──────── The data

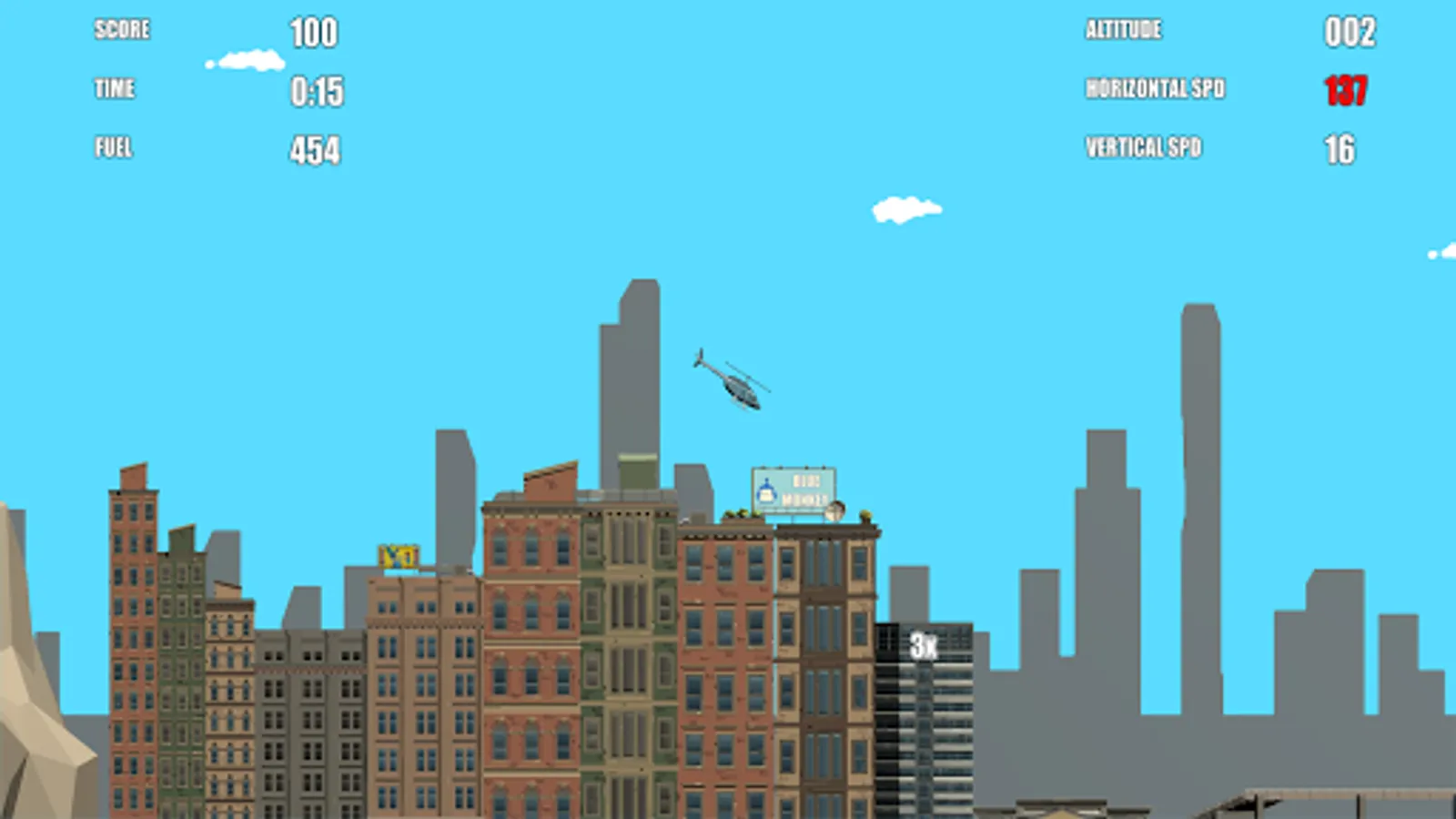 Landing Chopper is a helicopter simulation game. Your mission is to land the helicopter on several city heliports and accumulating points.
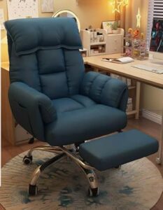 【完全サポートチェア】5段階リクライニング 昇降式 1人掛けソファチェア 360度回転 背もたれ・肘付き・足置き機能 長時間のデスクワークと仮眠に (青, ペダル付き)
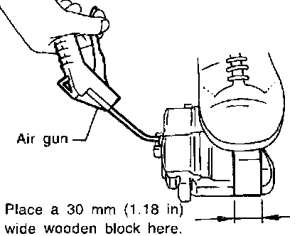 3) Place a wooden block as shown in the figure to prevent damage to the piston. Gradually supply compressed air via inlet of the brake hose to force piston out.
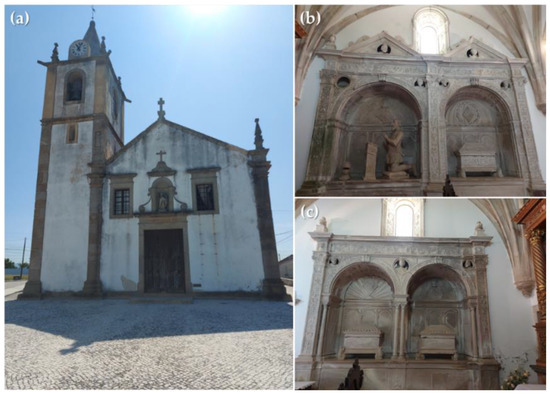 The Church of Trofa or Church of São Salvador da Trofa (Figure 1a) is a Catholic temple located in Trofa (Trofa do Vouga), in the Portuguese district of Aveiro, Águeda county (N 40 36.653′ W 008 28.729′). This church houses the Lemos Pantheon (Figure 1b,c), a remarkable Renaissance sculptural ensemble dating from the 16th century, carved in white Ançã limestone, and attributed to the artist João de Ruão. Commissioned by D. Duarte de Lemos in 1534, the Lemos Pantheon presents itself as a burial place for the ancestors of the third lord of Trofa. It integrates two tombstone groups facing each other, both formed by two arches separated by pilasters and topped by an entablature. On the right-hand side are the tombs of the first lords of Trofa, Gomes Martins de Lemos and his son, João Gomes de Lemos, and their respective wives, D. Maria de Azevedo and D. Violante de Sequeira, leaving the men in the arch nearest the altar. On the opposite side lies buried D. Joana de Melo, wife of the founder, and in the arch closest to the altar D. Duarte de Lemos, with a praying statue [43].
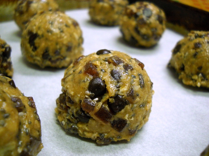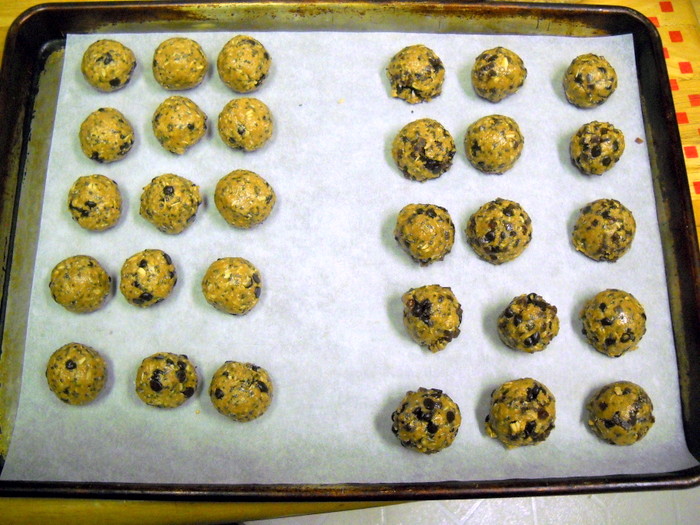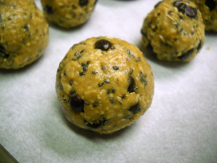 Use your hands, two spoons, or a tablespoon-sized cookie scoop to make ping-pong sized balls. You can roll them between your palms to smooth them out, or leave them rustic. No judgy pants here.
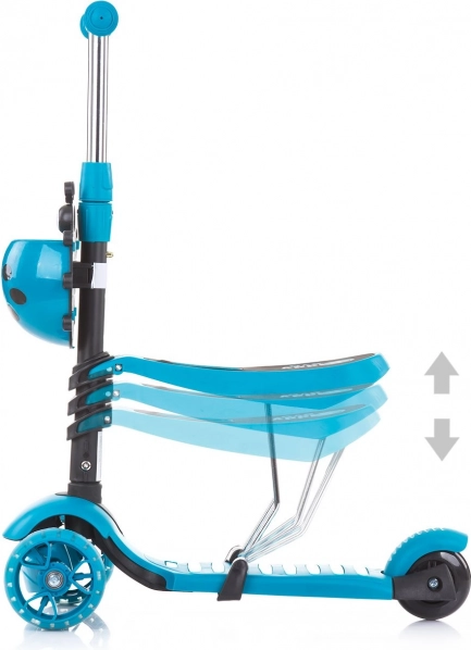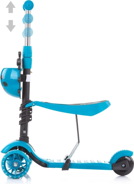 Dziecięca hulajnoga 3w1 CHIPOLINO KIDDY EVO oferuje aż trzy sposoby użytkowania, rosnąc wraz z Twoim dzieckiem – z prowadnikiem dla rodzica, jako jeździk z siedziskiem oraz klasyczna hulajnoga. Dzięki trzem kółkom jest bardzo stabilna, ma regulowaną kierownicę i siedzisko, antypoślizgowe rączki i podest, LED-y w przednich kołach oraz tylny hamulec nożny. Do tego przedni koszyczek na drobiazgi.
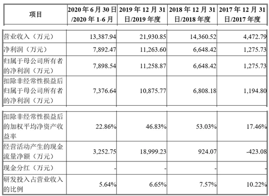 2017年、2018年、2019年及2020年上半年,公司营业收入分别为0.45亿元、1.44亿元、2.19亿元及1.34亿元,扣非归母净利润分别为0.12亿元、0.68亿元、1.09亿元及0.74亿元,净利润增长速度很快。
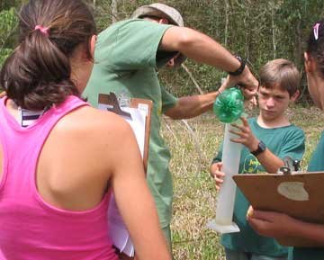 Here I am taking a water sample. We’ve learned how to test for ph, turbidity, conductivity, temperature and water flow. This is really interesting because it has to do with the quality and quantity of our water. We’re also collecting data on rainfall, using our weather station as well as rain gauges we made ourselves to use at home.
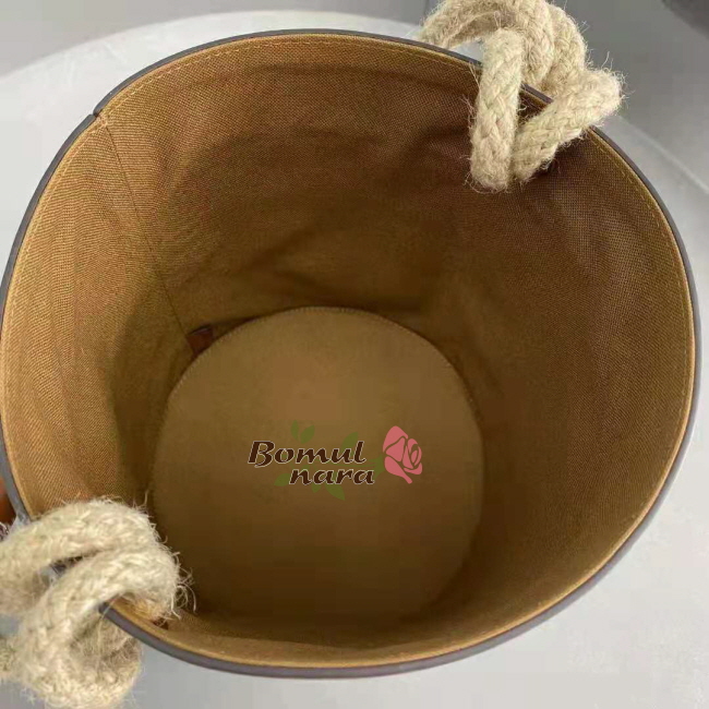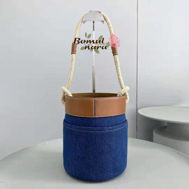 있으며 로프 스트랩 디테일이 돋보이는 버킷백이에요
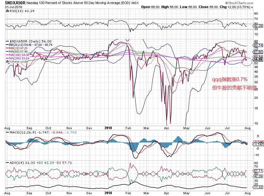 ndx的breadth指标ndxa50r和ndxa200r显示,对周二qqq反弹的贡献主要来之前期深跌股票(见图),即被冷落的价值股。这和前几次qqq调整时的情况不一样。这是新的一波牛市的开始,还是前期大牛市的结尾? 换句话说,没有fang参与的反弹能够走多远?还需要观察。
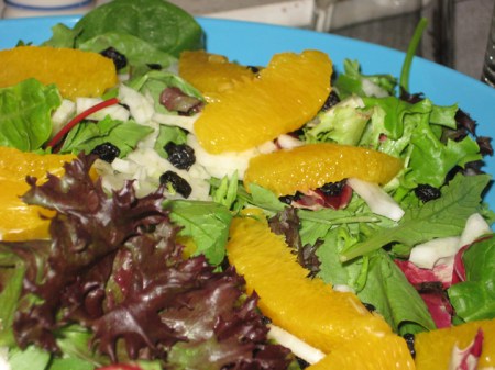 Salad (w/ thinly sliced fennel, orange segments & dried blueberries)
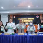 Kapolres Asahan AKBP Revi Nuraeni saat menunjukkan barang bukti pada press release
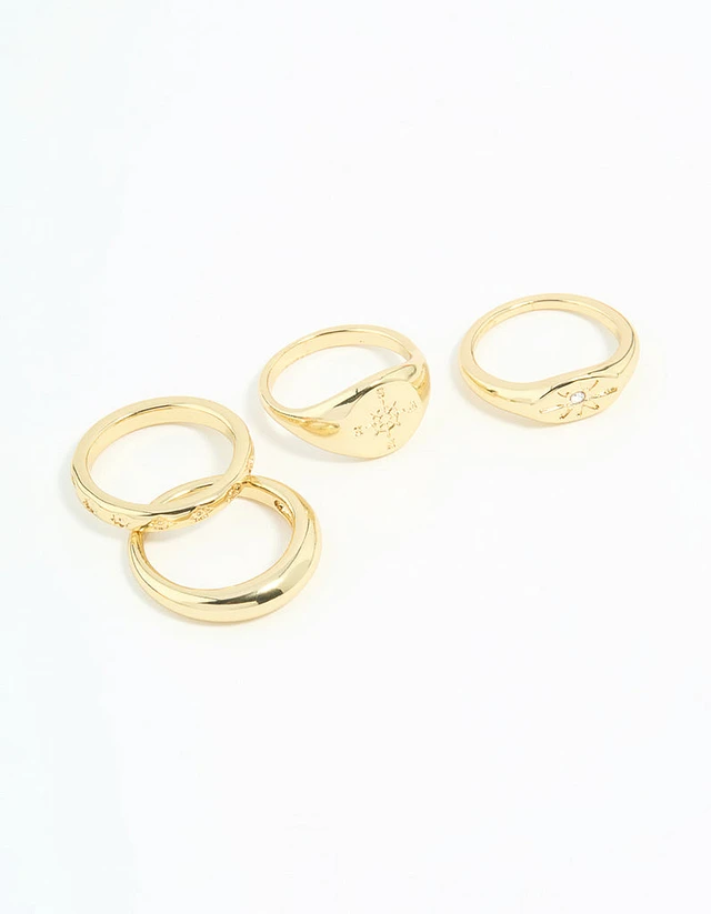 Gold Plated Compass & Star Stacking Rings 4-Pack
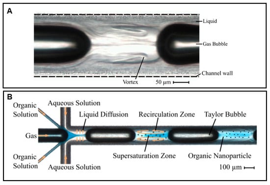 A microscopic view of a transparent microchannel showing vortices in the segmented gas-liquid flow (A) and microfluidic system with initial flow-focusing and subsequent Taylor flow (B) Reprinted from Ref. [58].
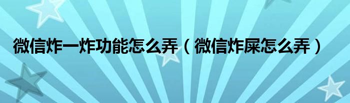 微信炸一炸功能怎么弄(微信炸屎怎么弄)
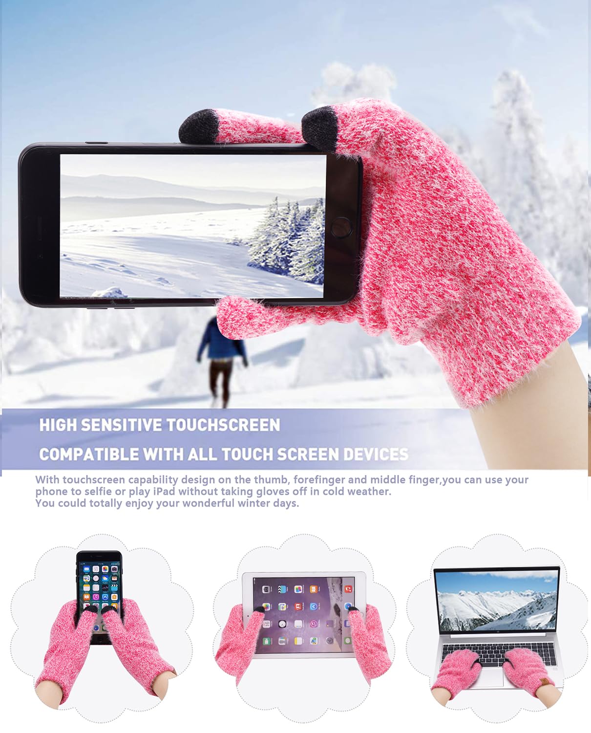 【High Sensitive Touch Screen Gloves】Double layers touchscreen sensitive materials on 3 fingers (thumbs, forefinger and middle finger), enjoy using smartphone, tablet, texting, driving in extreme cold weather.
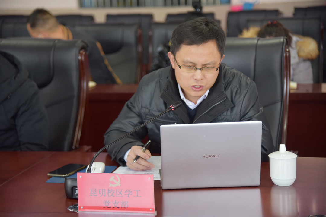 为深入学习贯彻习近平新时代中国特色社会主义思想和党的十九届五中全会精神, 认真落实省委关于党委(党组)书记抓基层党建工作述职评议考核办法有关规定精神,促进学院各党支部书记切实履行抓党建工作第一责任人的职责,提升学院基层党建工作科学化、制度化、规范化水平。1月13日上午,学院2020年度党支部书记抓基层党建工作述职评议会议在图书馆二楼会议室召开。学院党委书记、院长龙正昌,昆明校区执行院长王玲,副书记张晓刚,党委委员、组织部部长、副院长周平,党委委员、副院长陶晓燕,副院长张尤松、陈举国,教学秘书王建松,党委委员、宣传统战部部长王斌;党委职能部门负责人;副处级及以上领导干部;各党支部书记、副书记、委员和部分师生代表共计40余人参会并进行现场测评。会议由学院党委副书记张晓刚同志主持。
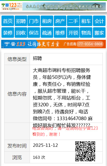 大商超市调料专柜招聘服务员,年龄50岁以内,身体健康,有责任心,有销售经验,服从超市管理,能长干,短期勿扰,不用站柜台,工资3200,无休,时间早7点到晚7点,待遇良好,电话微信同号:13314647080 麻烦好朋友们帮忙转发????????个人13314647080 【电话咨询时,请一定说明在七台河信息网看到的,谢谢!】 |

────────────────

▶ **What is being asked**
Retype the lines exactly as they appear, beginning with the line that contains "extreme cold weather." and ending with the final line of the entries, and omit the pictures.

▶ **Solution to this exercise**
 【High Sensitive Touch Screen Gloves】Double layers touchscreen sensitive materials on 3 fingers (thumbs, forefinger and middle finger), enjoy using smartphone, tablet, texting, driving in extreme cold weather.
 为深入学习贯彻习近平新时代中国特色社会主义思想和党的十九届五中全会精神, 认真落实省委关于党委(党组)书记抓基层党建工作述职评议考核办法有关规定精神,促进学院各党支部书记切实履行抓党建工作第一责任人的职责,提升学院基层党建工作科学化、制度化、规范化水平。1月13日上午,学院2020年度党支部书记抓基层党建工作述职评议会议在图书馆二楼会议室召开。学院党委书记、院长龙正昌,昆明校区执行院长王玲,副书记张晓刚,党委委员、组织部部长、副院长周平,党委委员、副院长陶晓燕,副院长张尤松、陈举国,教学秘书王建松,党委委员、宣传统战部部长王斌;党委职能部门负责人;副处级及以上领导干部;各党支部书记、副书记、委员和部分师生代表共计40余人参会并进行现场测评。会议由学院党委副书记张晓刚同志主持。
 大商超市调料专柜招聘服务员,年龄50岁以内,身体健康,有责任心,有销售经验,服从超市管理,能长干,短期勿扰,不用站柜台,工资3200,无休,时间早7点到晚7点,待遇良好,电话微信同号:13314647080 麻烦好朋友们帮忙转发????????个人13314647080 【电话咨询时,请一定说明在七台河信息网看到的,谢谢!】 |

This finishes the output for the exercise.